Triticum araraticum

Scientific classification
- Kingdom: Plantae
- Clade: Tracheophytes
- Clade: Angiosperms
- Clade: Monocots
- Clade: Commelinids
- Order: Poales
- Family: Poaceae
- Subfamily: Pooideae
- Genus: Triticum
- Species: T. araraticum
- Binomial name: Triticum araraticum Jakubz

= Triticum araraticum =

- Genus: Triticum
- Species: araraticum
- Authority: Jakubz

Species of grass

Triticum araraticum (Araratian wild emmer or Armenian wild emmer) is a wild tetraploid species of wheat. T. araraticum is one of the least studied wheat species in the world.

==Genealogy==
The T. araraticum species appears to have arisen from the natural hybridization of T. boeoticum and Aegilops speltoides. T. araraticum is similar to the domestic T. timopheevii in several ways including physical appearance, cytoplasm type and DNA content. The relationship has led some taxonomists to classify T. araraticum as a subspecies of T. timopheevii.
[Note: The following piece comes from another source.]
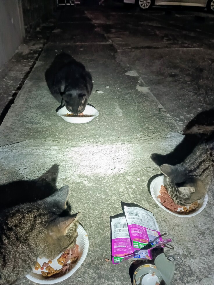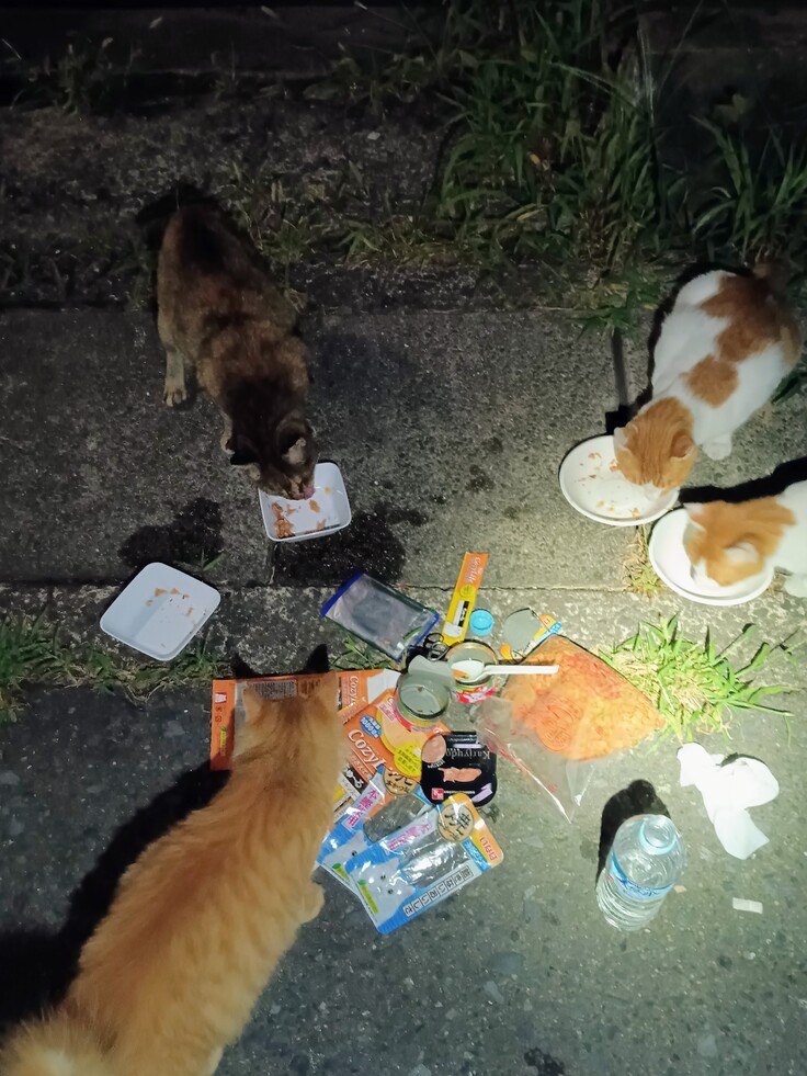 毎晩野良猫達は、ご馳走を楽しみに待ってくれています😊ご支援をして頂いた皆様に本当に感謝です🙇

In July 1988 different lines of T. araraticum were studied using the C-banding method revealing that T. araraticum was of genome composition AAGG.

==Geography==
The araraticum subspecies of T. araraticum grows primarily in Armenia, Azerbaijan, Georgia, Iran, Iraq and Turkey, while the kurdistanicum subspecies grows in Iraq and the nearby areas of Iran and Turkey.

In Armenia, the subspecies can be found in Voghjaberd and Vedi villages near capital Yerevan and the villages of Areni, Arpi and Aghavnadzor in Vayots Dzor Province.